Work instruction:
Without altering a word, return the records below, but exclude the pictures.

Stored entries
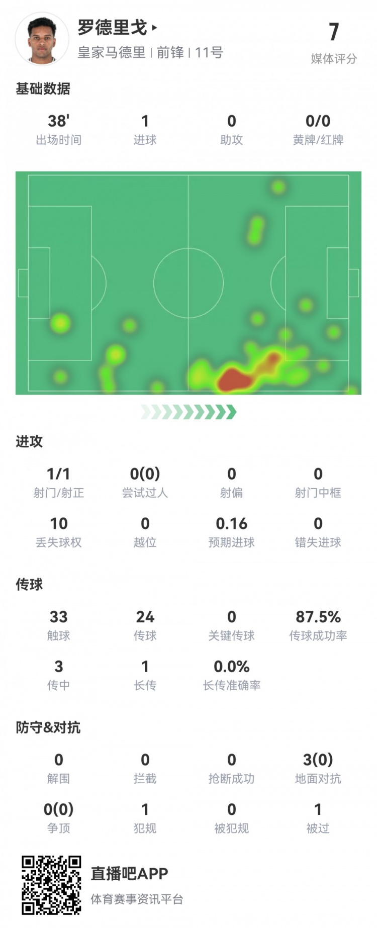 3月5日訊 正在進(jìn)行的歐冠1/8決賽首回合,皇馬主場暫1-1馬競。此役羅德里戈閃擊建功,球員半場重點(diǎn)數(shù)據(jù)如下↓
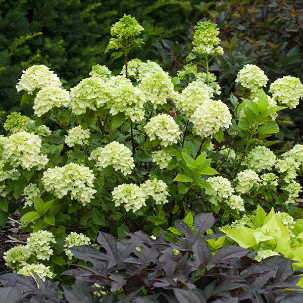Компактный куст, обильно и продолжительно цветущий. Высота куста до 1 м. Листья матово-зелёные, крупные, зубчатые. Соцветия полушаровидные, плотные. Цветки белые, по мере отцветания розовые, затем зеленоватые. Зимостойкость высокая.
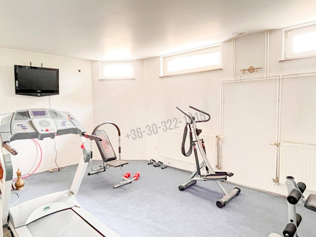 SZUTERÉN/ALAGSOR: edzőterem infraszaunával, ideális műhely vagy tároló, mosókonyha, zuhanyzó, külön WC, kazánház és konyha. Minden, amire egy többcélú tér kialakításához szükség lehet.
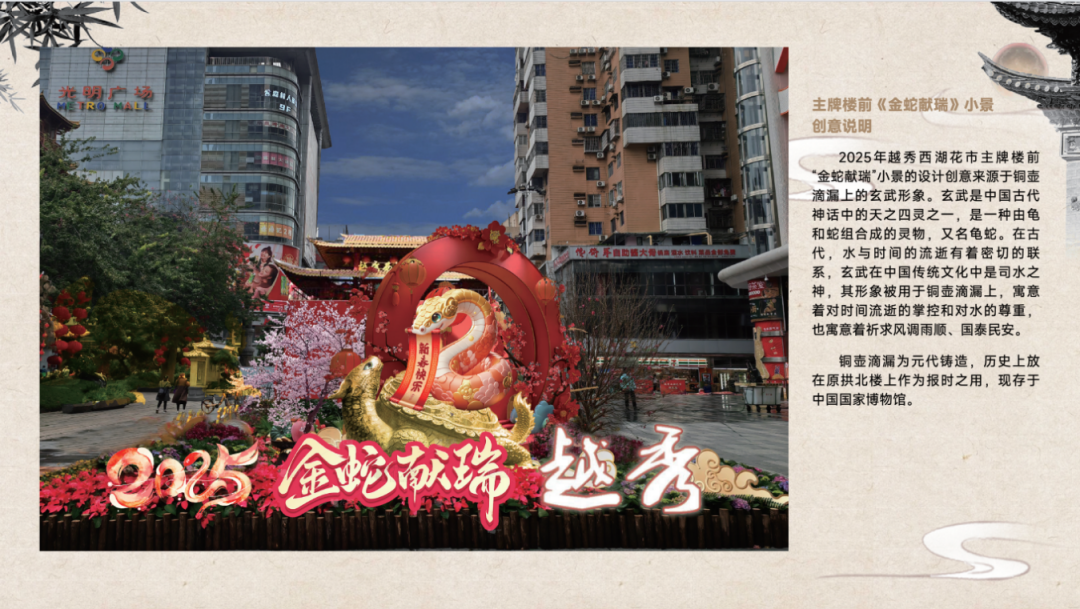 主题蛇年生肖造型,源自北京路铜壶滴漏上的玄武神兽,论说一个更喜乐长从容的广府故事。
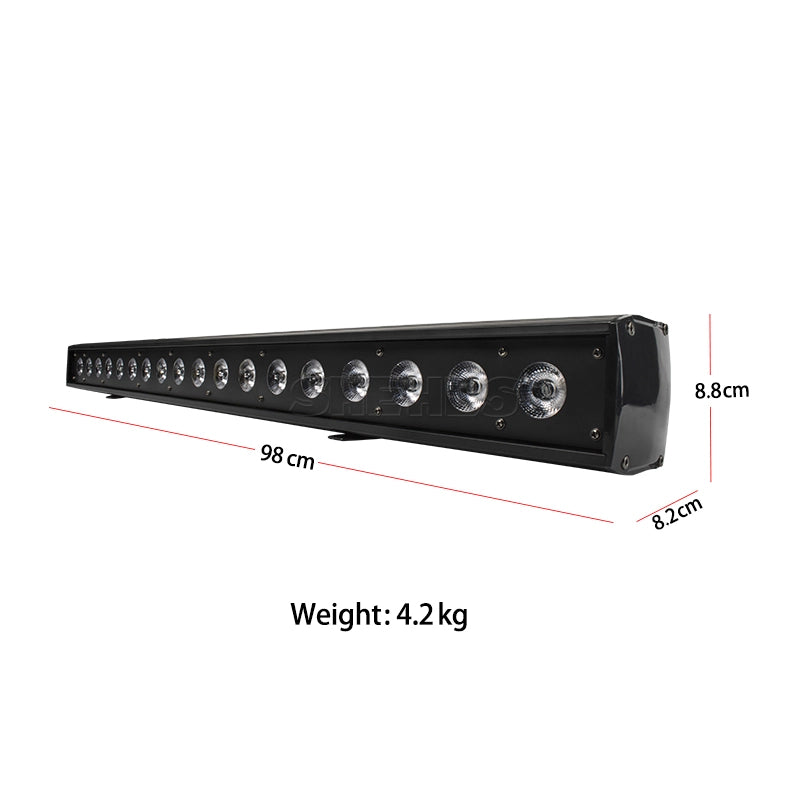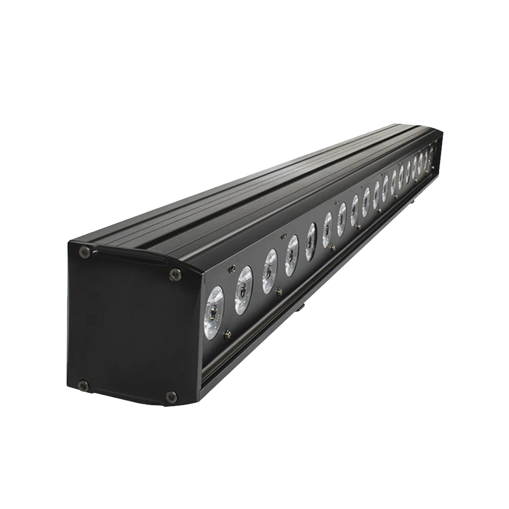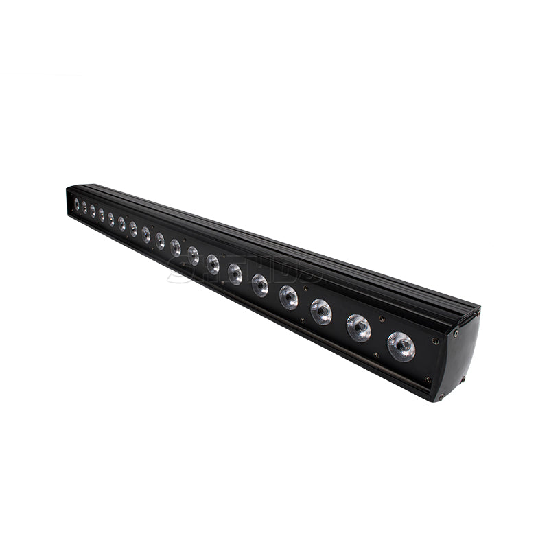 LED Wall Washer in aluminum alloy with 18×18 W RGBWA+UV, DMX512 (11/29/119 channels), consumption 324 W, format 98×8.2×8.8 cm, weight 4.2 kg, ultra-slim profile for uniform surface washing.
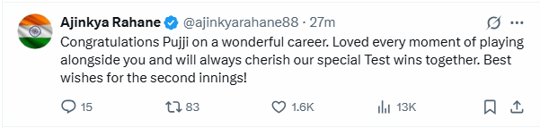 वहीं, उनके संन्यास लेने के बाद क्रिकेट के दिग्गजों ने उन्हें याद करते हुए पोस्ट लिखा है। जंबो यानी अनिल कुंबले ने लिखा है कि शानदार करियर के लिए बधाई! आप इस शानदार खेल के बेहतरीन दूत रहे हैं @cheteshwar1 । हम सभी को आपके क्रिकेट मैदान पर किए गए उपलब्धियों पर गर्व है। आपने हमेशा टीम के लिए अपना सब कुछ झोंक दिया! आपके साथ काम करना एक सौभाग्य था और आशा है कि आप अपने दूसरे पारी में भी इसी तरह चमकते रहें। आप, पूजा, अदिति और आपके पिताजी को ढेरों शुभकामनाएं। बहुत अच्छा किया!!

Answer for the task:
 3月5日訊 正在進(jìn)行的歐冠1/8決賽首回合,皇馬主場暫1-1馬競。此役羅德里戈閃擊建功,球員半場重點(diǎn)數(shù)據(jù)如下↓
Компактный куст, обильно и продолжительно цветущий. Высота куста до 1 м. Листья матово-зелёные, крупные, зубчатые. Соцветия полушаровидные, плотные. Цветки белые, по мере отцветания розовые, затем зеленоватые. Зимостойкость высокая.
 SZUTERÉN/ALAGSOR: edzőterem infraszaunával, ideális műhely vagy tároló, mosókonyha, zuhanyzó, külön WC, kazánház és konyha. Minden, amire egy többcélú tér kialakításához szükség lehet.
 主题蛇年生肖造型,源自北京路铜壶滴漏上的玄武神兽,论说一个更喜乐长从容的广府故事。
 LED Wall Washer in aluminum alloy with 18×18 W RGBWA+UV, DMX512 (11/29/119 channels), consumption 324 W, format 98×8.2×8.8 cm, weight 4.2 kg, ultra-slim profile for uniform surface washing.
 वहीं, उनके संन्यास लेने के बाद क्रिकेट के दिग्गजों ने उन्हें याद करते हुए पोस्ट लिखा है। जंबो यानी अनिल कुंबले ने लिखा है कि शानदार करियर के लिए बधाई! आप इस शानदार खेल के बेहतरीन दूत रहे हैं @cheteshwar1 । हम सभी को आपके क्रिकेट मैदान पर किए गए उपलब्धियों पर गर्व है। आपने हमेशा टीम के लिए अपना सब कुछ झोंक दिया! आपके साथ काम करना एक सौभाग्य था और आशा है कि आप अपने दूसरे पारी में भी इसी तरह चमकते रहें। आप, पूजा, अदिति और आपके पिताजी को ढेरों शुभकामनाएं। बहुत अच्छा किया!!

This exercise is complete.